[Records excerpted from a collection]

=== Begin Enclosure ===

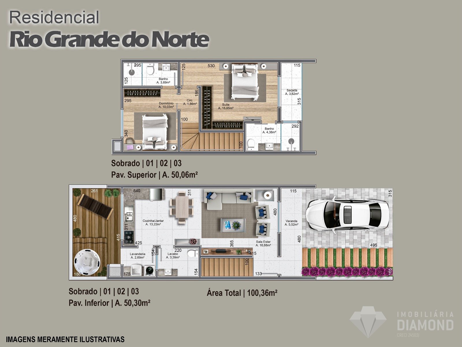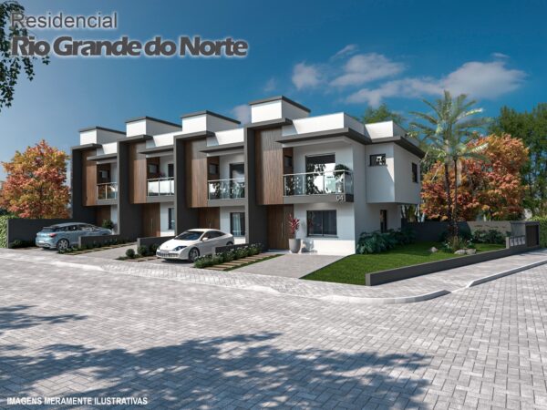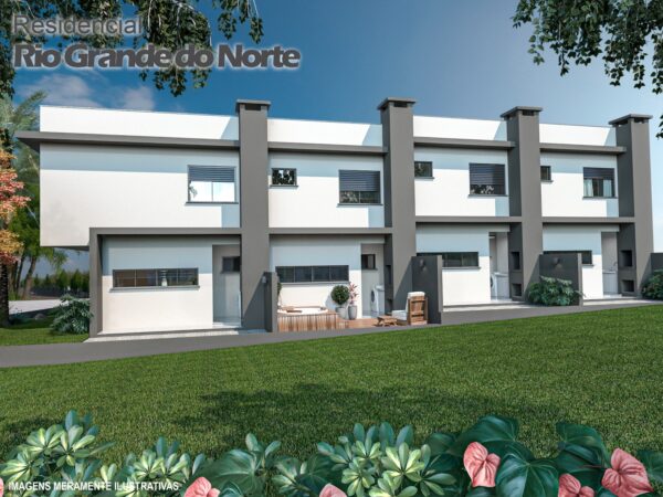 • Apresenta acabamentos: piso laminado na área íntima, porcelanato nas demais áreas, portas internas em PVC branco e corrimão em inox
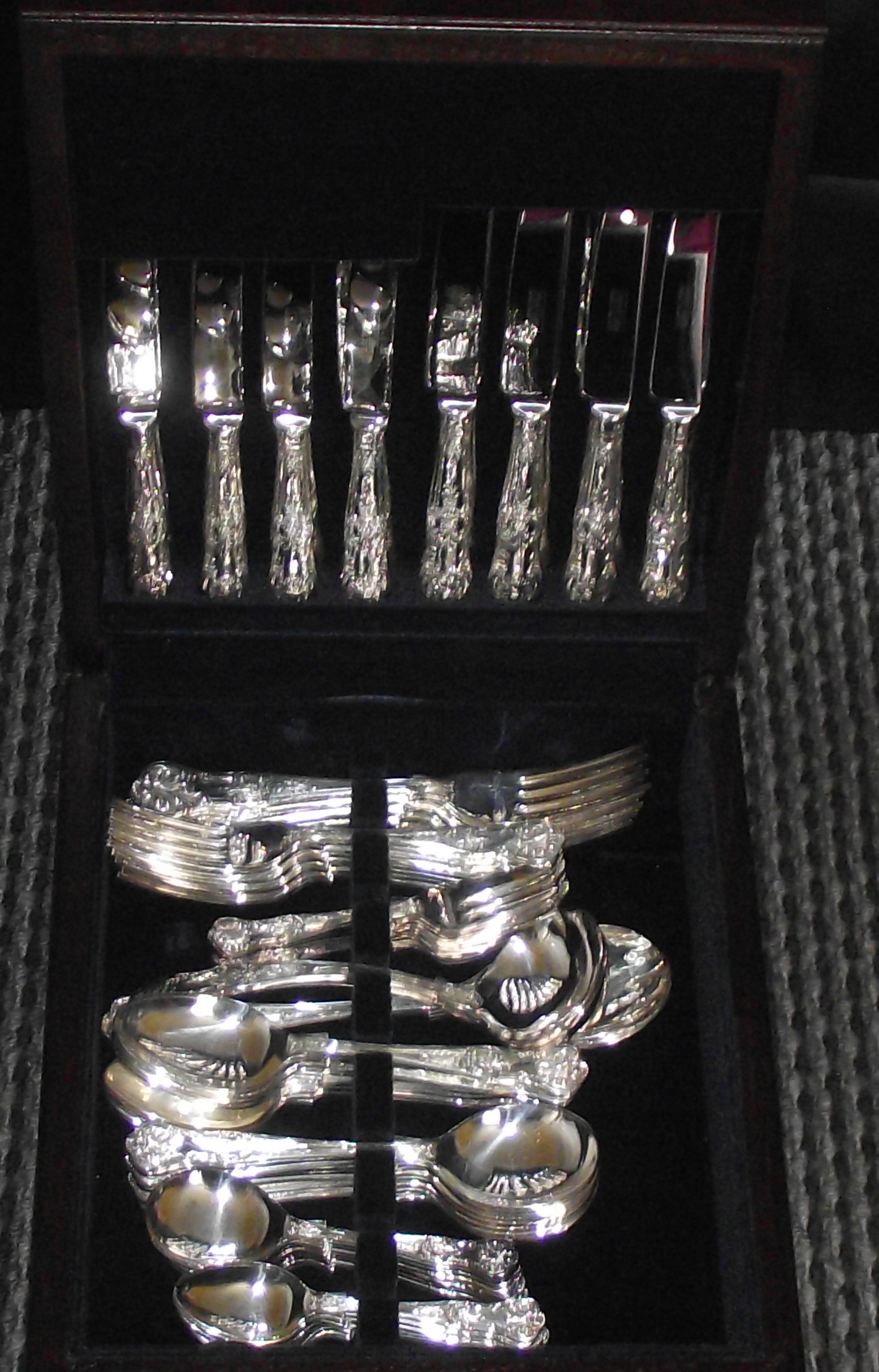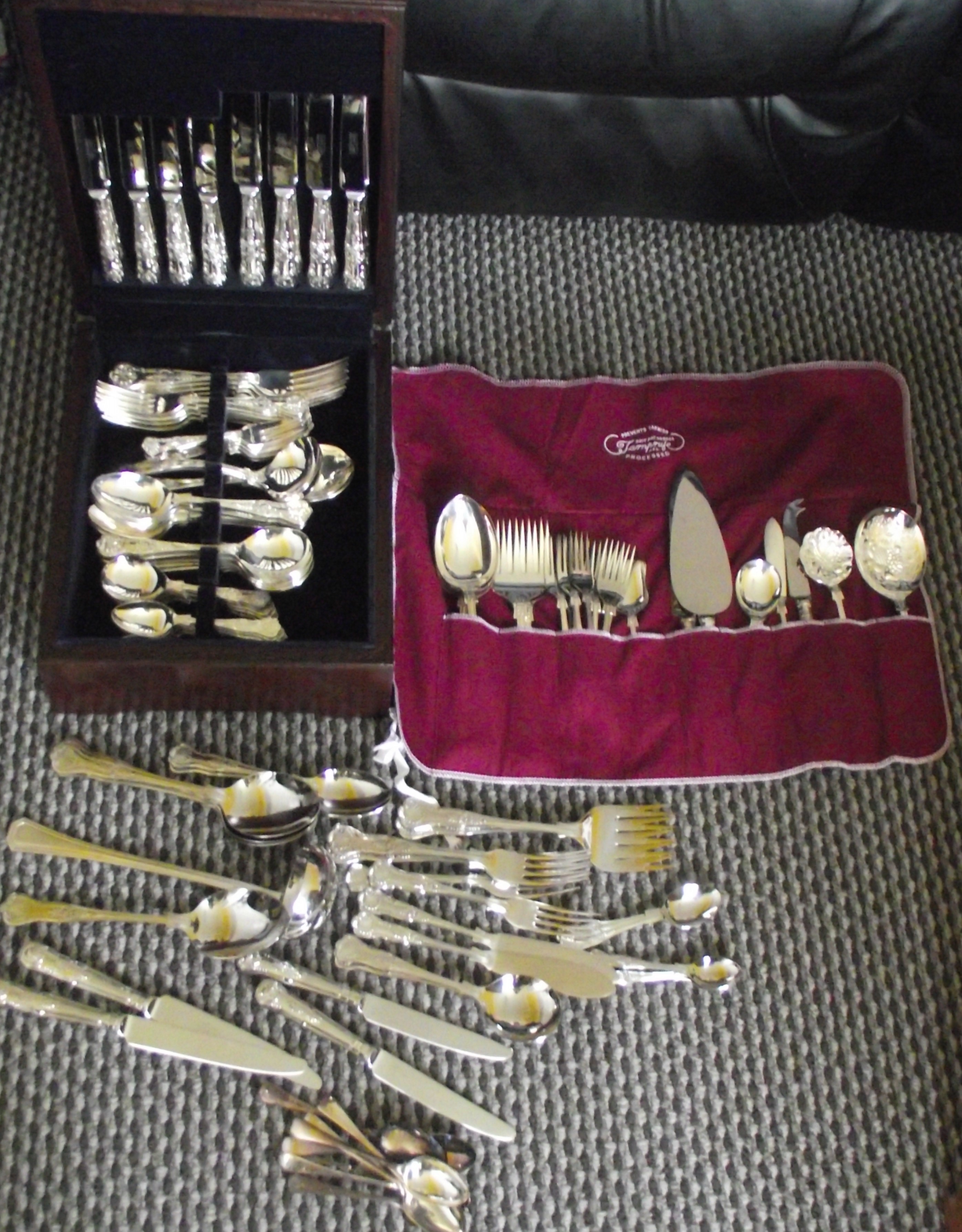 84 piece Queens pattern EPNS A1 plated United Cutlers Sheffield cased cutlery set + 25 separate pieces same pattern slotted into roll + 25 loose kings pattern & others
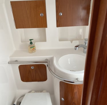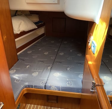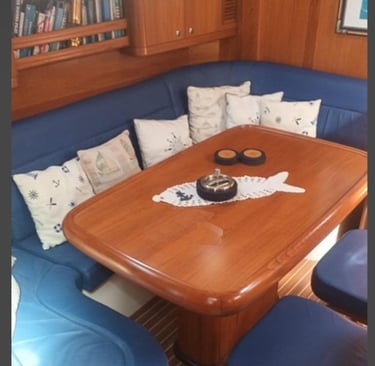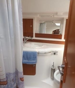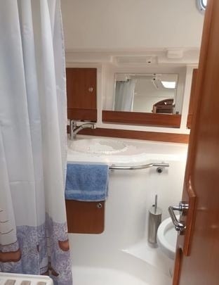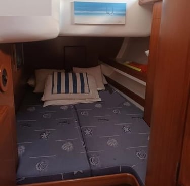 Quattro cabine, quattro bagni (tre cabine per gli ospiti). Due frigoriferi, dissalatore, macchina del ghiaccio, aria condizionata. Tender.
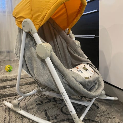 Babyton -merkkinen, kevyt metallirunkoinen sitteri jossa "tuulipukumainen" tekstiilipäällinen, mobile ja turvavyöt. Kaltevuutta voi säätää. Keinuva, mutta jaloissa stopperit.
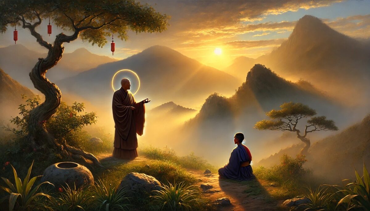德山答:“光来自内,迷雾自解。修行如日出,智慧显现,疑惑便消散。”
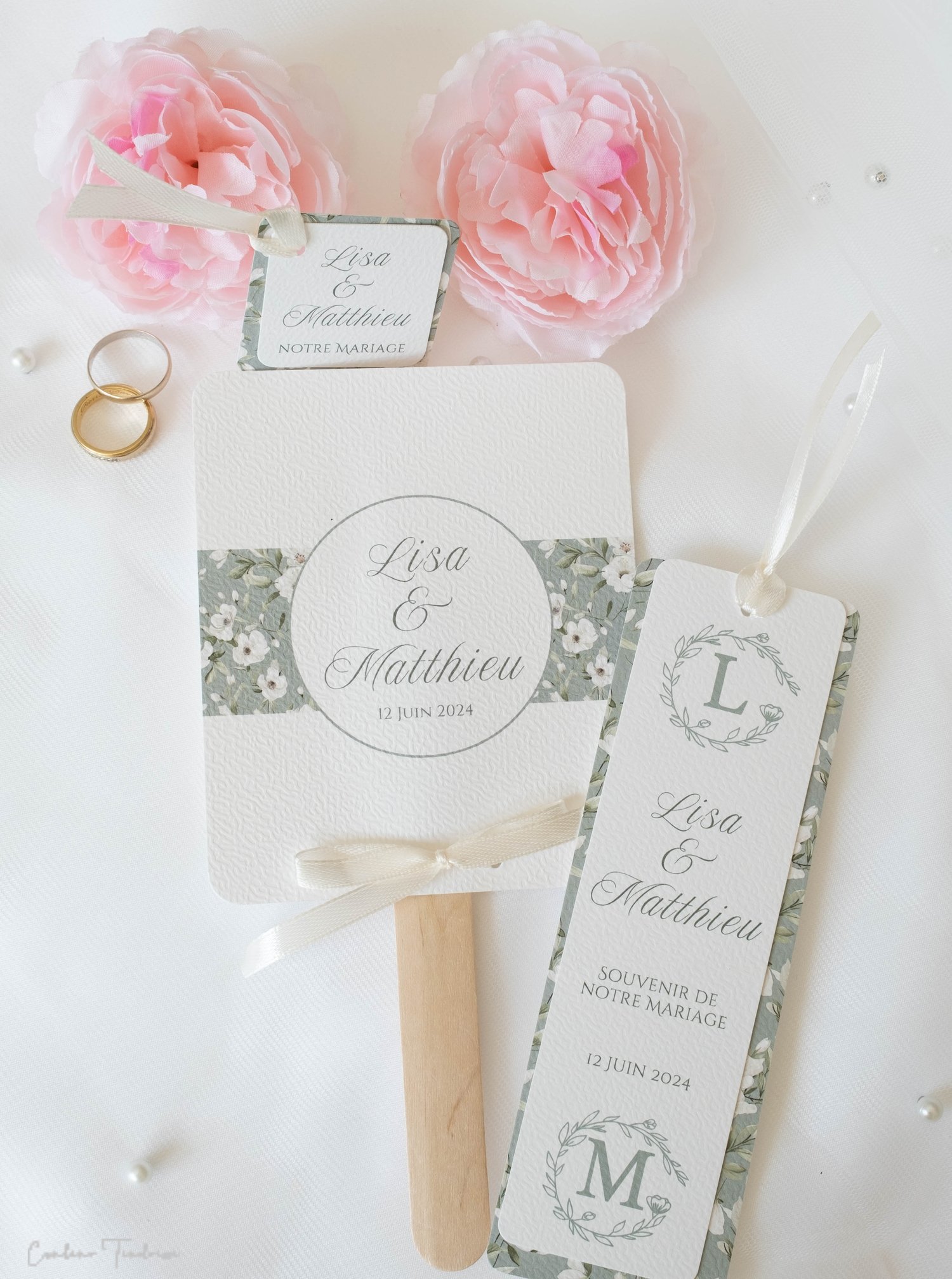 Apportez une touche d'élégance à votre mariage avec nos programmes éventails de mariage de la Collection AUBRAC. Ces créations uniques allient fonctionnalité et esthétique, offrant à vos invités une expérience agréable tout en restant un souvenir précieux de ce jour exceptionnel.

=== End Enclosure ===

PROBLEM REQUIREMENTS> Leave the pictures out and restate exactly the lines from the one that has "Babyton -merkkinen, kevyt" through the final line of the entries above, both ends included.

COMPLETED EXERCISE>
 Babyton -merkkinen, kevyt metallirunkoinen sitteri jossa "tuulipukumainen" tekstiilipäällinen, mobile ja turvavyöt. Kaltevuutta voi säätää. Keinuva, mutta jaloissa stopperit.
德山答:“光来自内,迷雾自解。修行如日出,智慧显现,疑惑便消散。”
 Apportez une touche d'élégance à votre mariage avec nos programmes éventails de mariage de la Collection AUBRAC. Ces créations uniques allient fonctionnalité et esthétique, offrant à vos invités une expérience agréable tout en restant un souvenir précieux de ce jour exceptionnel.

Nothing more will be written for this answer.